Madam Speaker, I will do my best not to go over eight and a half minutes.
Allow me to backtrack a little, because my speech was interrupted for oral questions, and say it is my pleasure to rise in this House today to speak on Bill C-43, to establish the Canada customs and revenue agency.
I was telling the House that I oppose this bill, mainly on account of the actions and behaviour of this government. We have no intention of taking any chances by passing a bill whose sole purpose is to centralize the collection of taxes across the country, to downsize Revenue Canada and, above all, to establish an agency that will clash with the Quebec Ministry of Revenue.
This agency, which, in my opinion, is a real governmental tax collection monster, will have powers vested in it that will give it access to all sorts of information on our private lives. What will this agency do with this huge amount of personal information concentrated in its hands? I would rather not think about it.
The agency is a relative of Big Brother, the computer that could run and rule the world.
At any rate, this new bill is doomed to fail. The rationale for establishing the Canada customs and revenue agency is to have a single agency in charge of collecting all the money and to convince the provinces to get on board.
The minister had not even signed a single agreement when he introduced Bill C-43. That shows how ridiculous this whole idea is. Quebec and Ontario categorically refused to consider using the agency. The initial support from several western provinces has all but died down in the past few weeks, and even Prince Edward Island has expressed concerns about the establishment of this new agency. Who are the ones who will pay the way for this agency? The users, but at what cost?

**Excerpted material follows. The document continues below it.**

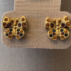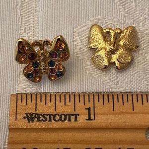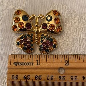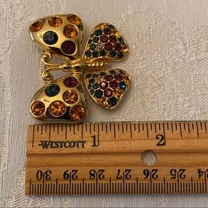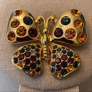 Signed Retired Joan Rivers Multi-colored Crystal Butterfly Brooch and Earring Set

Initially, the federal agency will attempt to demonstrate the savings its establishment will bring about, but before long it will be raising the charges to satisfy the greediness of the Liberals.
As far as the millennium bug is concerned, will all the changes which are being announced at this time and which Revenue Canada employees will have to face make it any easier for them to prepare for this transition in informatics, which is already demanding much energy? What stage has Revenue Canada reached in its preparations for the year 2000? No one knows.
I would now like to focus the House's attention on some of the clauses of Bill C-43, clauses 6 and 8 to be specific.
The agency is placed under the responsibility of the Minister of National Revenue, yet clause 8 stipulates:
8.(1) The Minister may authorize the Commissioner or any other person employed or engaged by the Agency—to exercise or perform on the Minister's behalf any power, duty or function of the Minister under any act of Parliament—
In other words, the agency could fall into the hands of a super-bureaucrat, possibly a good Liberal, who is neither elected nor accountable.
Now I would like to summarize the reasons why I am proposing that Bill C-43 be withdrawn: the centralizing obsession of the Liberal government; the danger this agency represents for the Quebec Department of Revenue; the anti-union attitude of the government in this bill as it affects Revenue employees; the intrusion on the privacy of our fellow citizens.
I need not remind the House of the performance of the Canadian Food Inspection Agency in its current handling of the scrapie crisis with Quebec sheep, where there is such an administrative muddle that the minister and the agency cannot even figure out where they are at. Do you think we are going to give this government another chance to create an agency? No.
I am saying no to the Liberals' plans, I am saying no to this bill and I am calling for its immediate withdrawal, in accordance with the amendment moved this morning.